Volume 21, Number 7—July 2015
Geographic Range Expansion for Rat Lungworm in North America
Using quantitative PCR analysis and DNA sequencing, we provide evidence for the presence of rat lungworm (Angiostrongylus cantonensis) in Oklahoma, USA, and identified a potentially novel rat host (Sigmodon hispidus). Our results indicate a geographic range expansion for this medically and ecologically relevant parasite in North America.
Emerging infectious diseases negatively impact humans and wildlife, causing disease outbreaks and deaths and local and global extinctions (1). Zoonotic disease emergence or re-emergence results from numerous factors (e.g., globalization of trade, increased interaction of humans and animals, anthropogenic climate change) that function independently or synergistically (2,3). Consequently, the means by which parasitic zoonoses are studied must be constantly advanced to promote identification, control, and prevention of outbreaks.

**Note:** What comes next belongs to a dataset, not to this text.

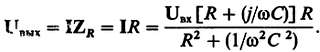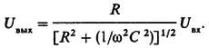 Uвых = (UвыхU*вых)1/2 = UвхR/[R2 + (1/ω2С2)]1/2

The rat lungworm, Angiostrongylus (Parastrongylus) cantonensis, causes eosinophilic meningitis in humans (4) and various disease manifestations (meningoencephalitis, neurologic disorders) in atypical host species, including wildlife and captive animals (5). Transmission of these worms occurs by ingestion of third-stage larvae in raw or undercooked intermediate or paratenic hosts (6). Although variable among geographic regions and within host species, the prevalence of rat lungworms might be high under favorable conditions (7).
The occurrence of A. cantonensis rat lungworms has been documented worldwide, and its distribution has been attributed largely to the spread of intermediate molluscan host species (e.g., Achantina fulica) and definitive rodent host species (e.g., Rattus spp.) (8). Moreover, host specificity of rat lungworms is highly plastic, which contributes to its continuous geographic expansion (4). These factors indicate that the rat lungworm is an emerging zoonotic pathogen of concern to humans and wildlife, and therefore provides an excellent opportunity to evaluate the sensitivity and effectiveness of epidemiologic surveying techniques.
We evaluated the current distribution and potential spread of the rat lungworm within areas of the Gulf Coast region and midwestern United States by sampling rodent populations in regions of Louisiana and Oklahoma that were predicted by an ecologic niche model to contain suitable and unsuitable habitat (9). We used a quantitative PCR (qPCR) TaqMan assay (Life Technologies, Foster City, CA, USA) (10) to test for the parasite in tissue samples and further evaluated these samples through DNA sequencing analysis.
We trapped animals during the spring, summer, and fall months during 2010–2012. A total of 43 rodents and 3 shrews were collected from McCurtain County in southeastern Oklahoma, and 42 rodents were collected in Louisiana (Technical Appendix). We also obtained 56 Rattus norvegicus rat brain and lung tissue samples from the City of New Orleans Mosquito, Termite, and Rodent Control Board. Blood, lung, and brain tissue samples were collected from the rodents. Flotation was performed on all 148 lung samples, and all samples were negative for adult A. cantonensis rat lungworms.
Known adult rat lungworms were used as controls for molecular analyses (Technical Appendix). Cellular DNA was extracted from rodent blood and brain samples. We tested for rat lungworm internal transcribed spacer 1 (ITS1) DNA by using a TaqMan qPCR on an ABI 7500 system (10). A total of 134 blood samples and 137 brain samples contained DNA suitable for analysis. After qPCR, 34 of the 271 total tissue samples were classified as putatively positive for rat lungworm and sequenced, generating a 267-bp fragment of the ITS1 region (Technical Appendix).
On the basis of DNA sequencing, 3 brain samples were identified as containing A. cantonensis DNA (GenBank accession nos. KP231729, KP231728, and KP231727). These brain tissue samples were obtained from 3 rodents (host catalog nos. 32, 70, and 76), which were identified as 1 Hispid cotton rat (Sigmodon hispidus) and 2 brown rats (Rattus norvegicus), respectively (Table 1). A comparison of the 3 brain samples with those in GenBank by BLAST analysis (http://blast.ncbi.nlm.nih.gov/Blast.cgi) showed a match with rat lungworm (GenBank accession nos. GU587762.1 and GU587759.1) (Table 2).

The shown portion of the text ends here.